Esquire writer Tom Junod, who tried to out "American Beauty" star Kevin Spacey in his article "Kevin Spacey Has a Secret," soothed me with these sage words: "Hey, they look at quotes as coin. That's just the way it works. It's a weird world."

"It's out of control," adds Andrew Corsello, a GQ senior writer who penned a less-than-flattering profile of Mira Sorvino back in 1997, causing such a Hollywood hoo-haw that he has taken a temporary hiatus from planet celluloid. "It's a whole industry of silly parasitic people whose job it is to fuck you up as a journalist."

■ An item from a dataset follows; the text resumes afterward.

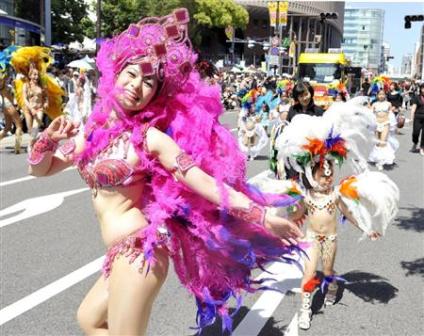 中新網(wǎng)5月17日電 據(jù)日本新聞網(wǎng)報(bào)道,日本著名的港口城市神戶市16日舉行了“神戶祭”(旅游文化節(jié))的最后狂歡。1萬多名市民穿著比基尼走上街頭,跳起了熱烈的桑巴舞。

"It wasn't always that way," muses the 65-year-old doyen of celebrity photography, Douglas Kirkland, whose career at Life and Look gave him access to a revolving door of Hollywood starlets including Marilyn Monroe, Elizabeth Taylor, Judy Garland, Sophia Loren and, more recently, Kim Basinger, Kate Winslett and Nicole Kidman. "It used to be that I'd essentially live with a celebrity. But being a movie star these days is like being your own industry. There are people who surround, protect and guard you. [You] are treated like royalty."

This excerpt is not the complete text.